Background information
- Born: Donald Andrew McClurkin, II November 9, 1959 (age 66) Copiague, New York, U.S.
- Genres: Gospel; contemporary Christian; inspirational/worship;
- Years active: 1980–present
- Labels: Verity; Word Entertainment;
- Website: www.donniemcclurkin.com

= Donnie McClurkin =

American gospel singer (born 1959)

Donald Andrew McClurkin Jr. (born November 9, 1959) is an American gospel singer and minister. He has won three Grammy Awards, ten Stellar Awards, two BET Awards, two Soul Train Awards, one Dove Award and one NAACP Image Awards. He is one of the top selling gospel artists, selling over 13 million albums. Variety dubbed McClurkin as a "Reigning King of Urban Gospel".

== Early life ==
McClurkin was born in Copiague, New York. When he was eight years old, his two-year-old brother was hit and killed by a speeding driver, which generated family turmoil. Shortly thereafter, McClurkin was a victim of childhood sexual abuse at the hands of his great uncle and, years later, by his great uncle's son. Two of his sisters dealt with substance abuse, and that's when the young McClurkin found solace in going to church and also through an aunt who sang background vocals with gospel musician Andraé Crouch.

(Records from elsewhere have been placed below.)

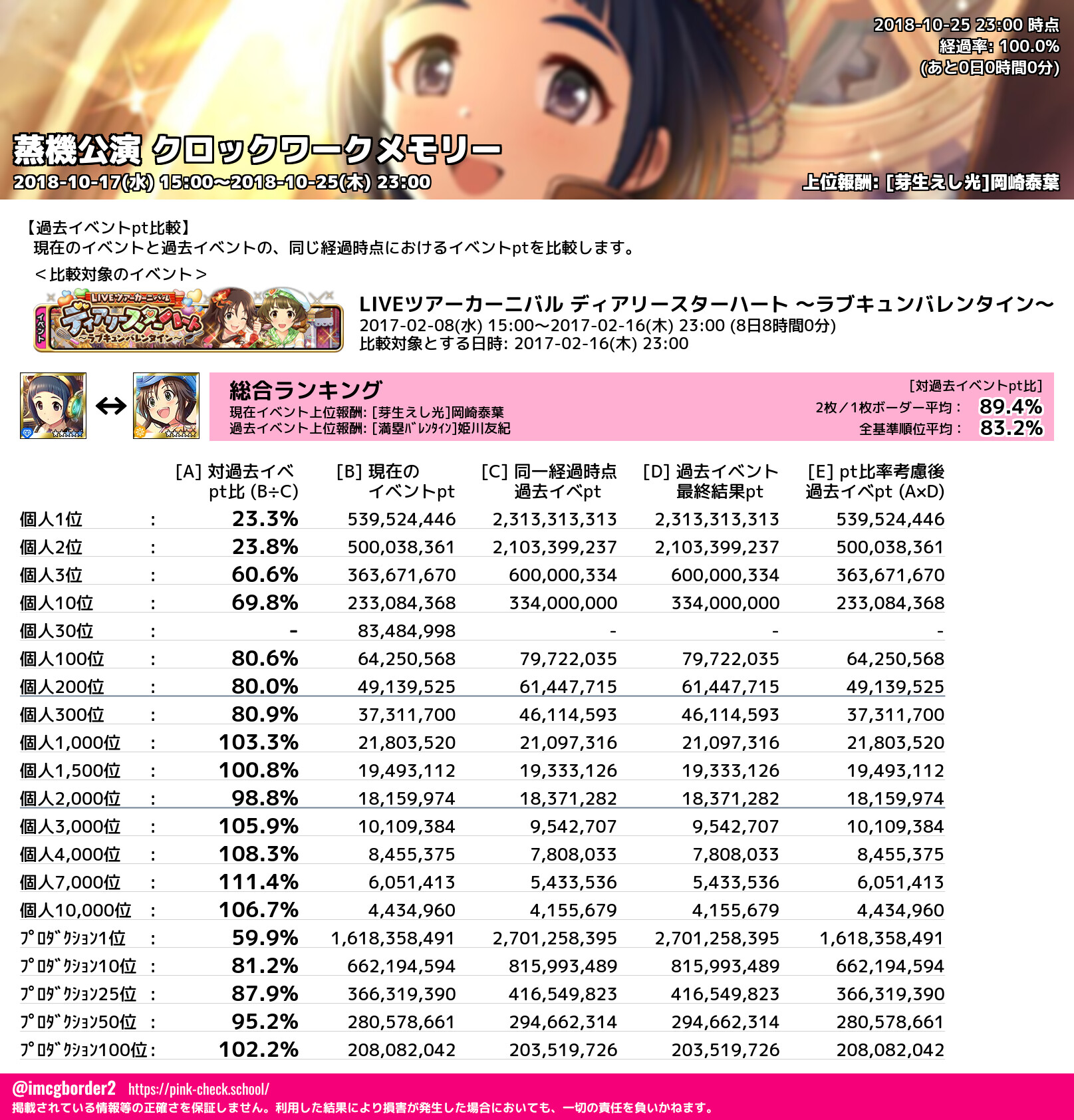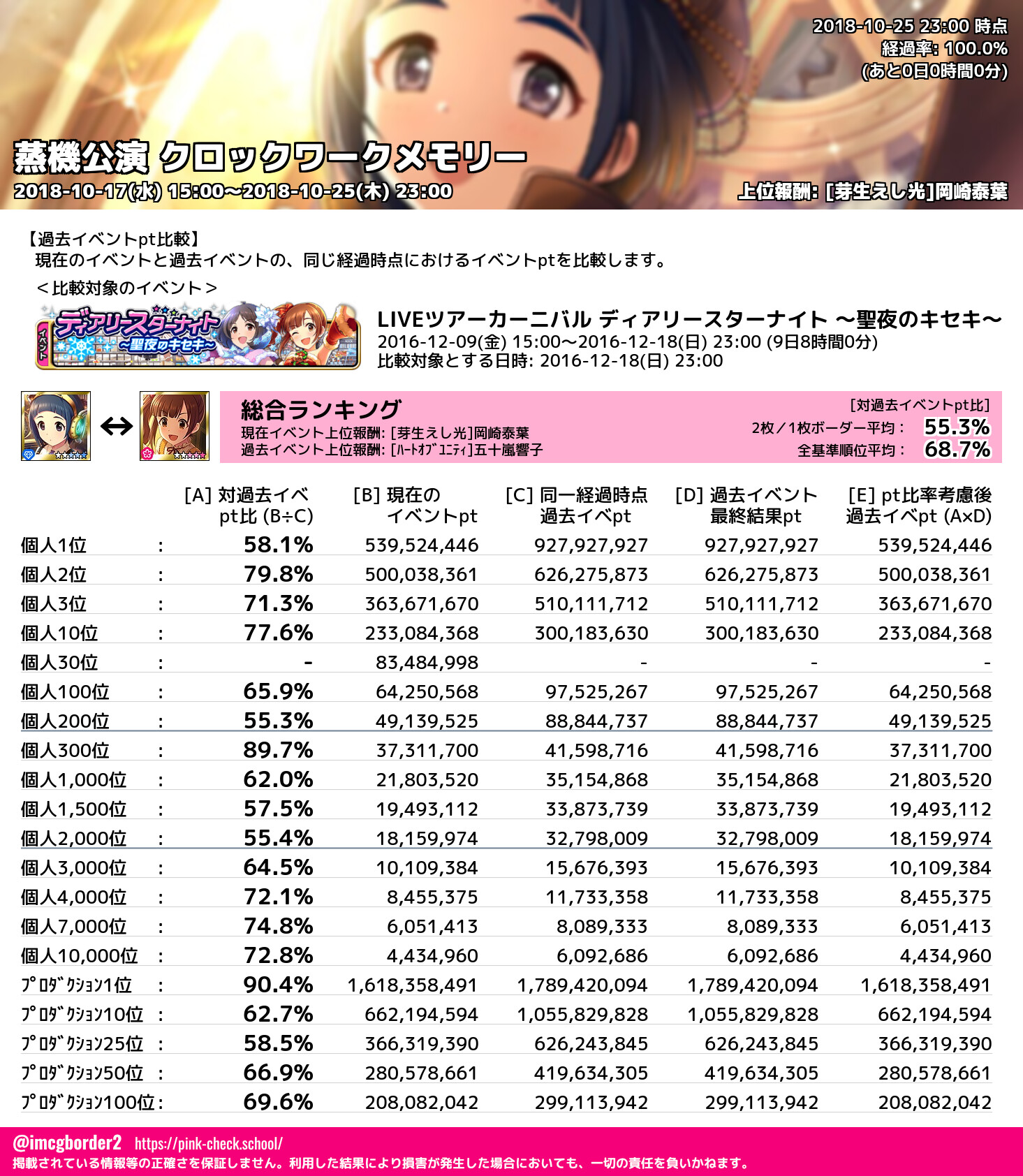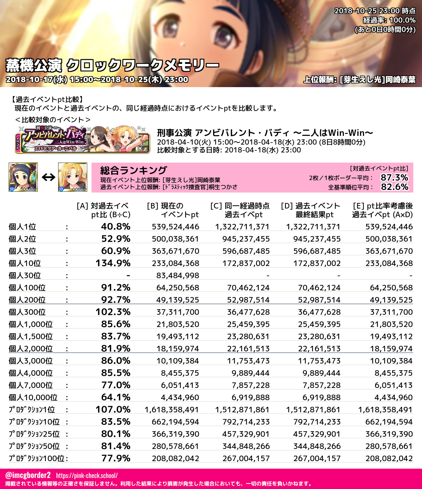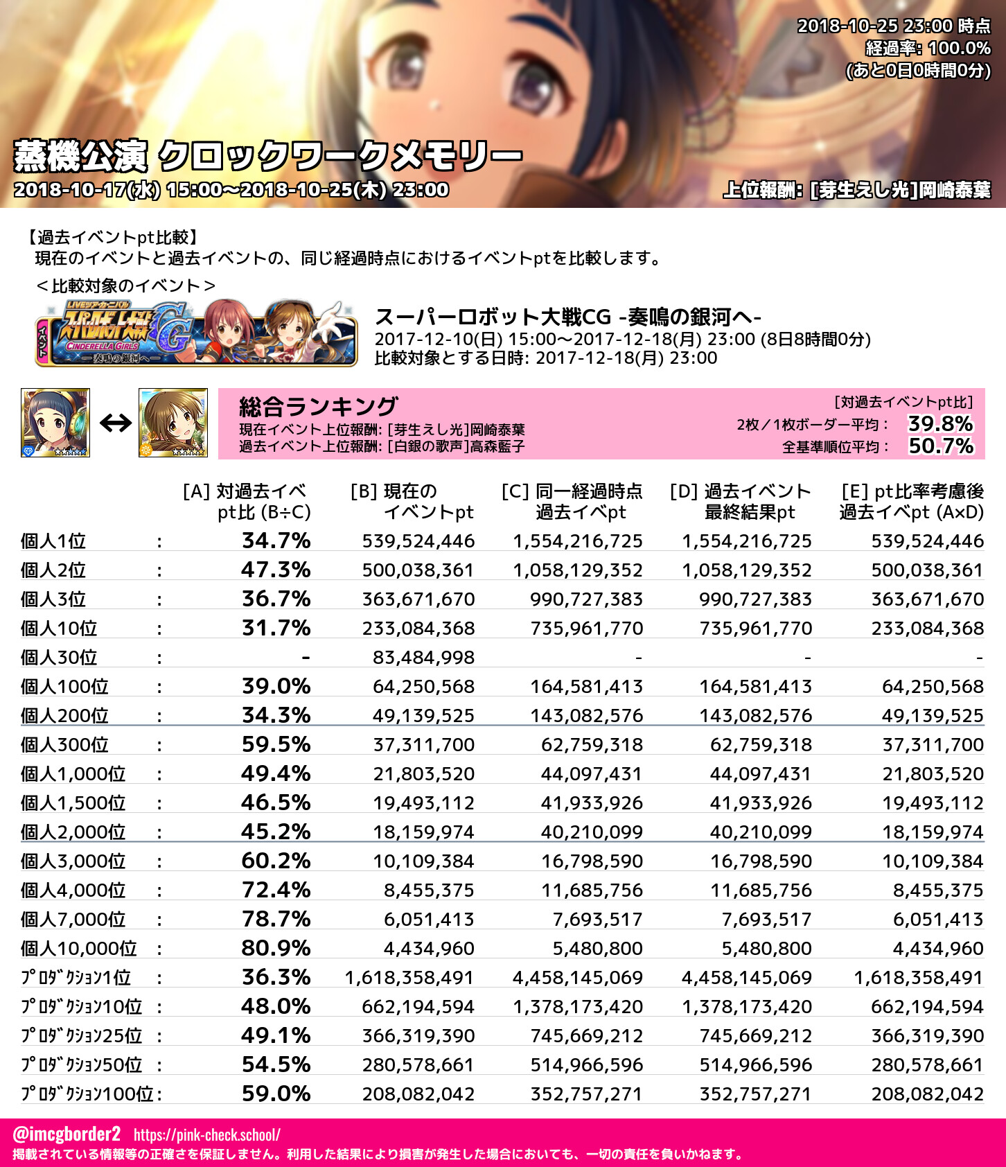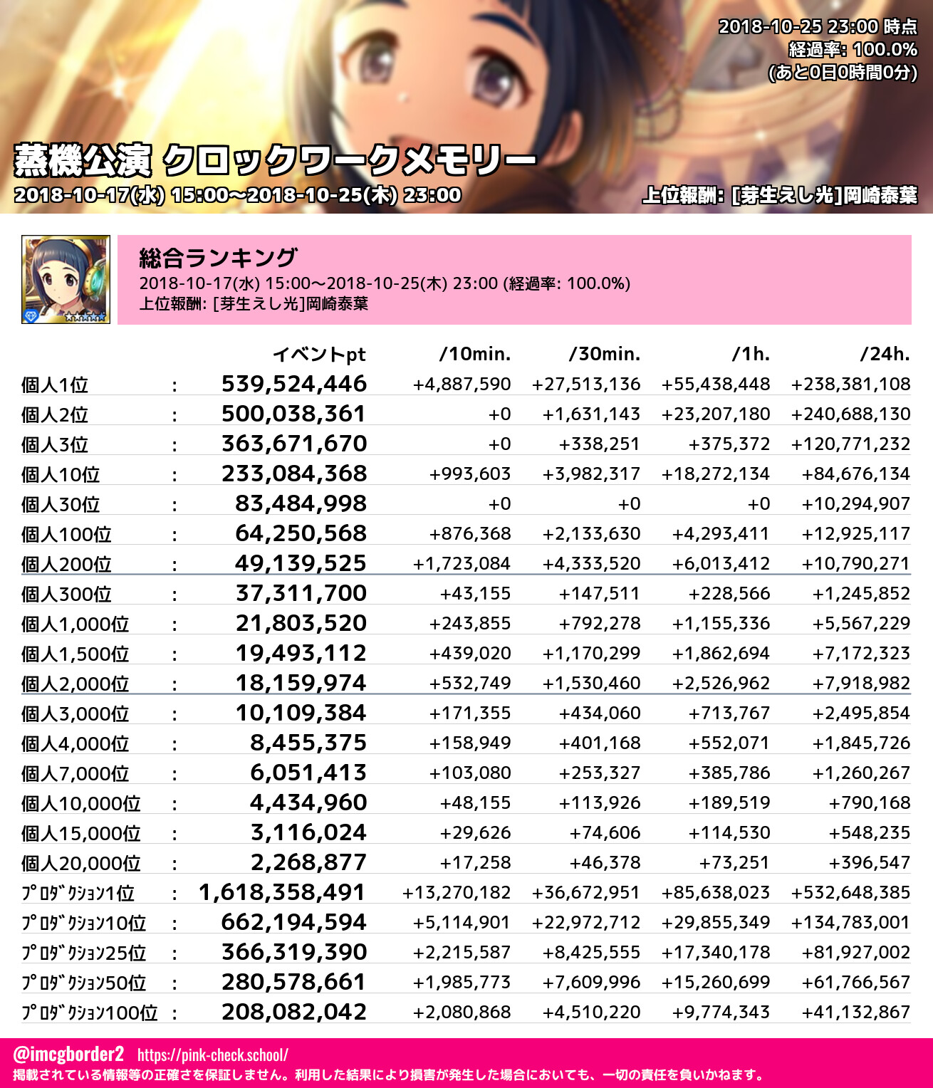 上位プロデューサースコア (2018-10-25 23:00 時点)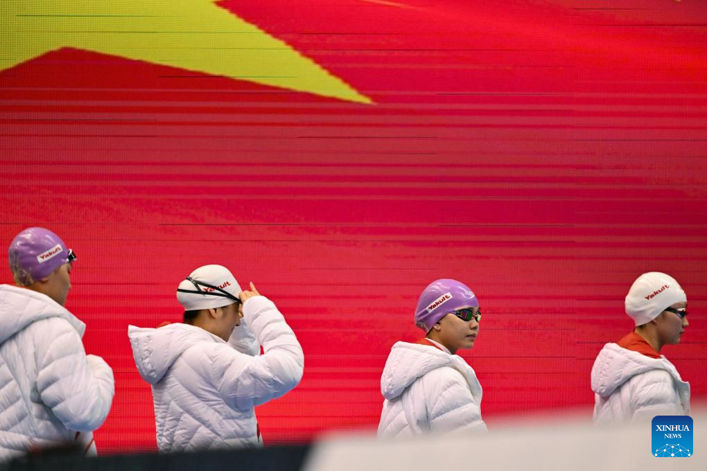 Li Bingjie, Li Jiaping, Ai Yanhan and Liu Yaxin (R to L) of China are seen before the women's 4x200m freestyle relay final at the World Aquatics Championships in Fukuoka, Japan, July 27, 2023. (Xinhua/Zhang Xiaoyu)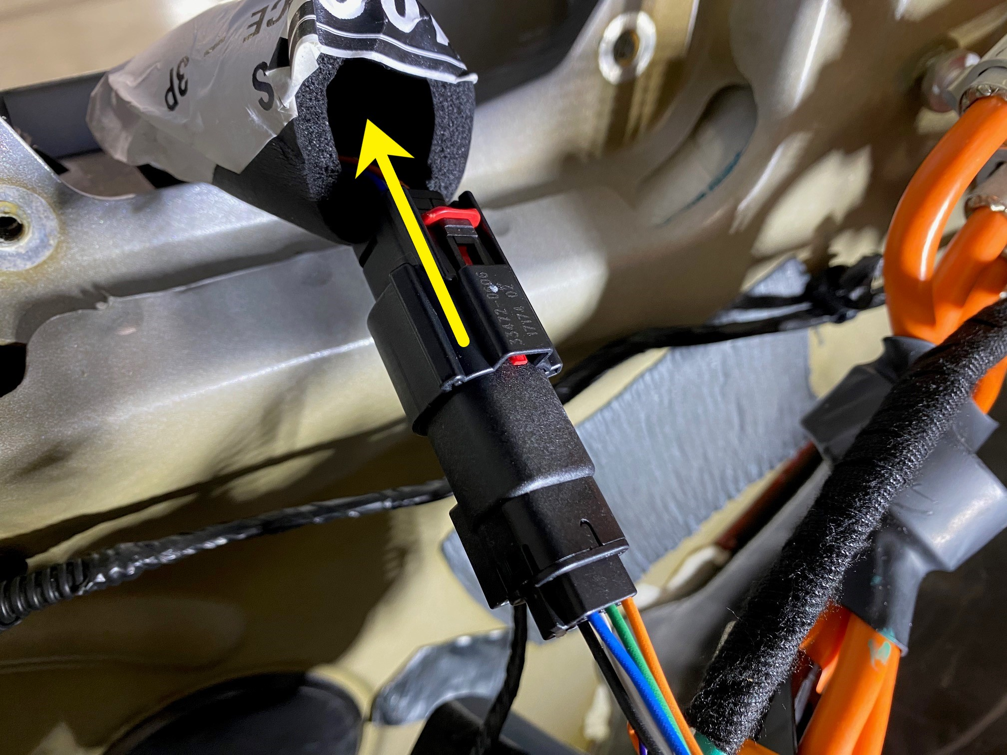 - Remove the bolts (x4) that secure the ECE charge port assembly to the body (torque 5 Nm), and then remove the ECE charge port assembly.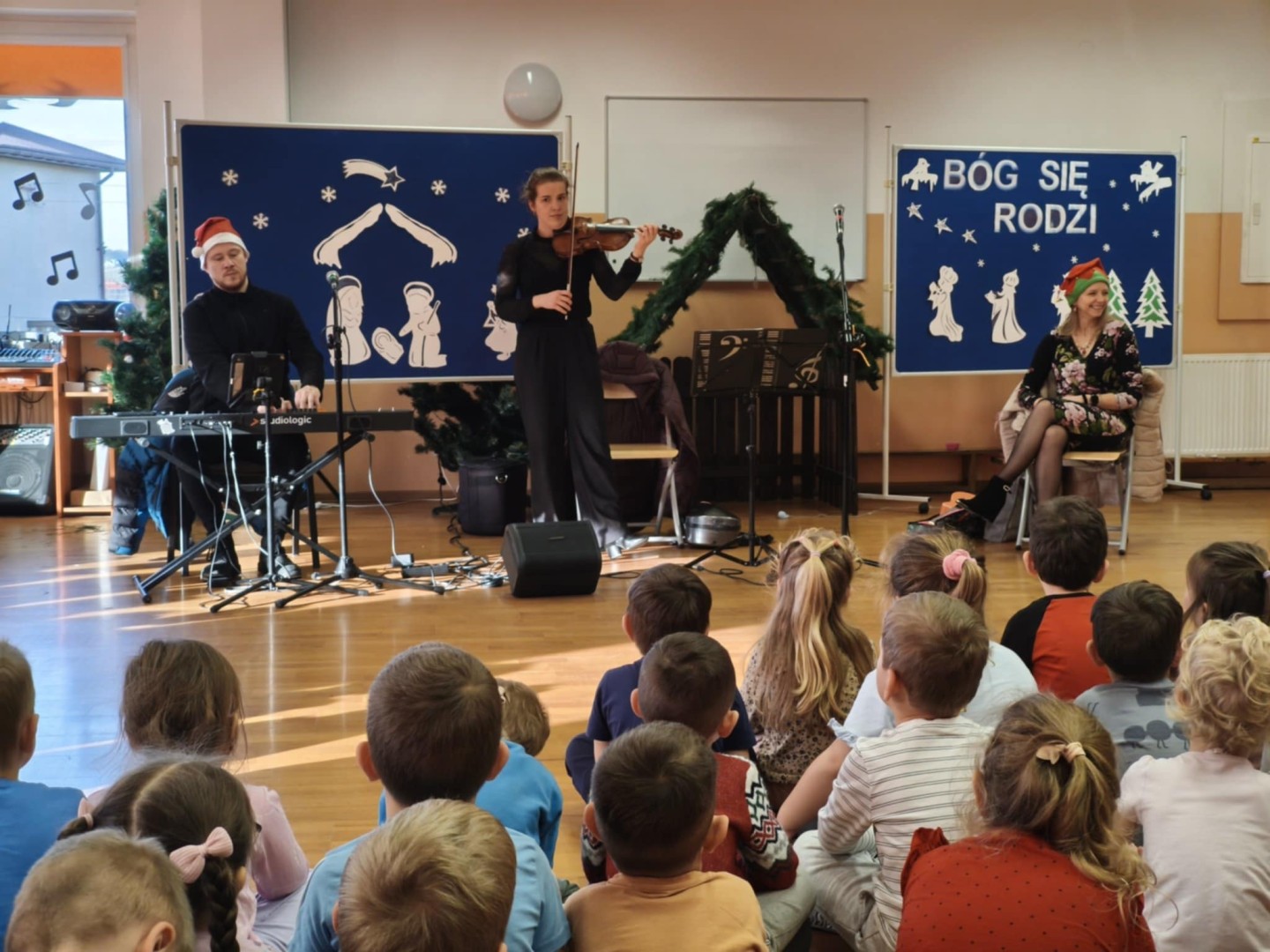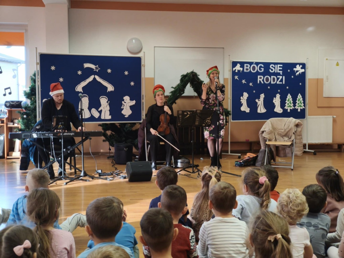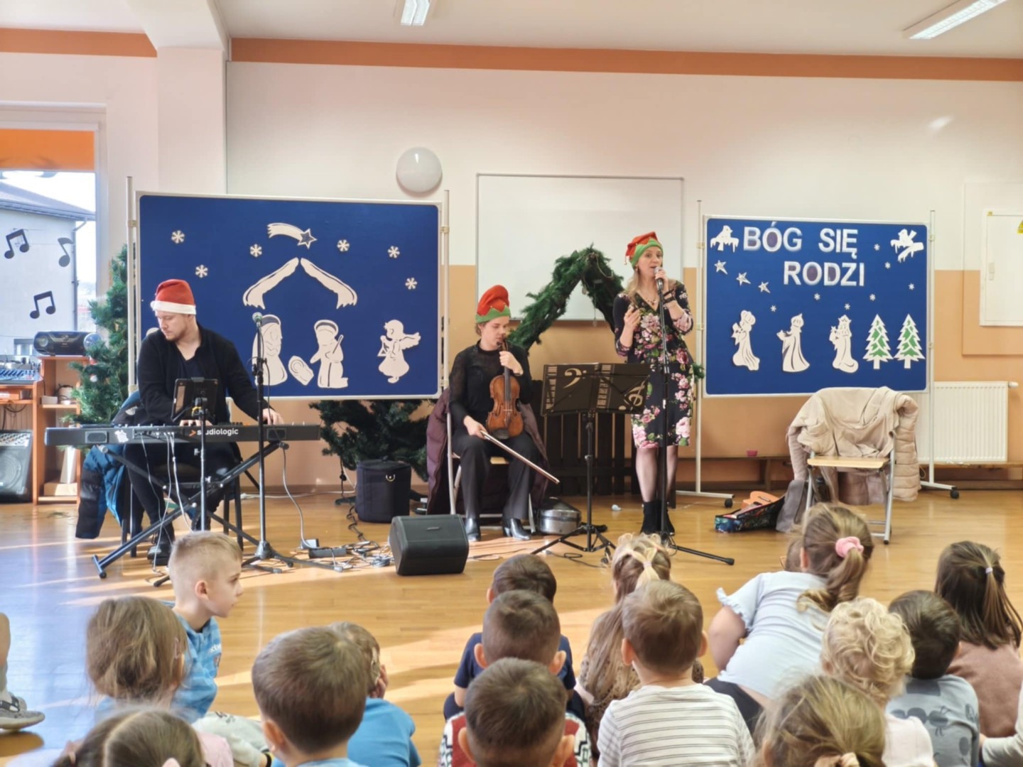 Dnia 17.12.2025r. przedszkolaki wzięły udział w audycji muzycznej pn.: „Podróże Świętego Mikołaja", którą zaprezentowali muzycy z Filharmonii Podkarpackiej. Tym razem nasi goście zabrali nas w podróż po różnych zakątkach świata, gdzie podobnie jak w Polsce śpiewa się różne piosenki świąteczne. Na naszym magicznym spotkaniu nie zabrakło także polskich kolęd i pastorałek, które nasi goście zaśpiewali wspólnie z dziećmi. To było spotkanie pełne świątecznej magii oraz radości.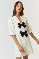 Linen Front Bow Detail Mini Dress Ivory/Black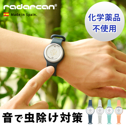 ラダキャンの「PORTABLE REPELLER PLUS R-100」は、虫が嫌がる低周波音を使用して虫を寄せ付けない新発想の防虫アイテムです。化学薬品を一切使用していないので無臭無害な安全性の高さがメリット。赤ちゃんやペットのいるご家庭でも安心してお使いいただけます。シンプルな腕時計のようなデザインで見た目もスタイリッシュ。リストバンド部分は低アレルギー性のシリコン製で、柔らかな手触りです。腕に付けるのはもちろん、本体はリストバンドから取り外してもご使用いただけます。本体裏面のクリップを使って、帽子や服のポケット、ベビーカーなどに取り付けても◎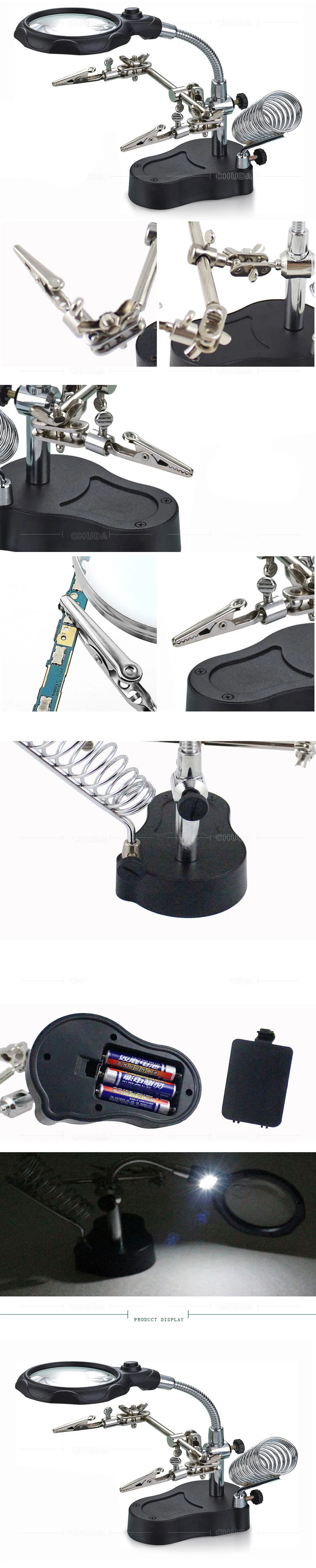 Светодиодный светильник источник Многофункциональный Вспомогательный зажим увеличительное стекло двойное зеркало инструмент ремонт зажим Лупа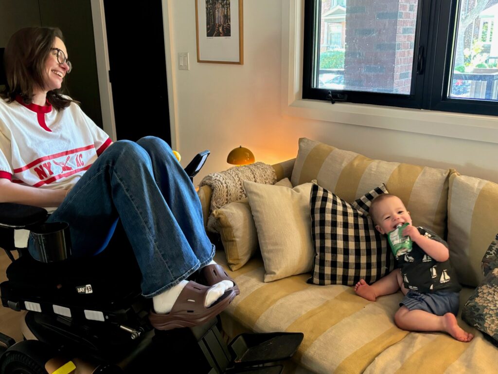 It’s post-nap. My 18-month-old son opens his dresser, takes out one shirt at a time, and places them around the room: a yellow shirt in the corner, the denim oxford on my knee, and a ringer tee on his head. Drawer emptied, I ask him to climb onto my lap, and he plants one dumpling foot on my wheelchair’s frame, then stretches his other up to the cushion behind my shins. He flops his belly on my legs, and I drag him into a sitting position. His 97th percentile-sized head rests against my chest, and he points around the room, counting to five for no reason.

By the time he was a teenager, he had formed the McClurkin Singers and later formed the New York Restoration Choir, with recordings as early as 1975. He released three albums with the New York Restoration Choir before departing to launch a solo career.

== Ministry ==

He was hired as an associate minister at Marvin Winans' Perfecting Church in Detroit, Michigan, in 1989. McClurkin served as an assistant to Winans for over a decade.

In 1991, a sharp pain and swelling, followed by internal bleeding, led, he says, to his diagnosis with leukemia. The doctor recommended immediate treatment, but McClurkin, who was then 31, decided instead to take his own advice. "I tell people to believe that God will save you," he says, "[and] I had to turn around and practice the very thing that I preached."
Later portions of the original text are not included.